Raggedy Ann(e)
Ain’t nothing left
Cause you ran yourself raggedy
Ain’t nothing but a ghost walking to and fro
Mumbling to-do lists and calendar dates
Ain’t nobody fault but your own
You let them run you raggedy
Down to your bare soul
Each task mocking you
Laughing loudly
Girl, get it together and let it go.
Ain’t nobody ask for no raggedy Ann
The past month and a half has been a whirlwind of emotions and events. It feels as if each day happened two weeks ago. I found myself subscribing to grind culture. I thought I could be hyper-productive through the stress, but I was wrong and it all came crashing down last Wednesday.
I had to take a break.
I was running myself raggedy. I could feel it in my body and see it on my face. I knew that I could not continue the semester in this way. I reached out to some friends who gathered me in a loving way. So I sat myself down and had an honest talk.

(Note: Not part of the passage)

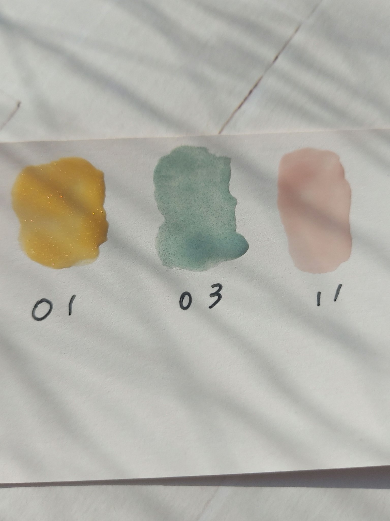むらにならない、塗りやすい、発色が良い, 11は仕事に使うのにいい色味です。 01のイエローには、ピンクパール, 03のグリーンには、グリーンパール入り。 かわいい。おすすめです。

Question Negative Thoughts - I had to ask myself “Who told you that you are not good enough”? Truth is that no one told me that. Why have I let this thought run free? We have to quickly address negative thoughts and correct them. Allowing them to run free through your mind will cause further harm.
Unrealistic Expectations - Along with the self-inflicting negative thoughts I also realized that the expectations that I were trying to meet came from me. I had this idea of what a successful school counselor, doctoral student, partner, friend, daughter, sister, Soror, etc looked liked during the midst of a pandemic and I was failing. However, no one placed these expectations on me. I had to free myself from them.
It’s Okay to Change my Mind - I was hellbent on sticking with a schedule that I created before I started working full-time and attending school part-time. Now that I am six weeks into this hot mess express I had to re-evaluate my schedule. So I scheduled a morning walk, reading for fun, and increased the days I want to work from home. It has only been a week with these new changes, but I feel significantly better. If your current plan is not working for you- just create a new one. It’s okay.
I want to encourage you not to run yourself raggedy- mentally, emotionally, or physically. Take some time today to truly check in with yourself. Make yourself some tea and evaluate how things are going. Be embolden to make adjustments as needed.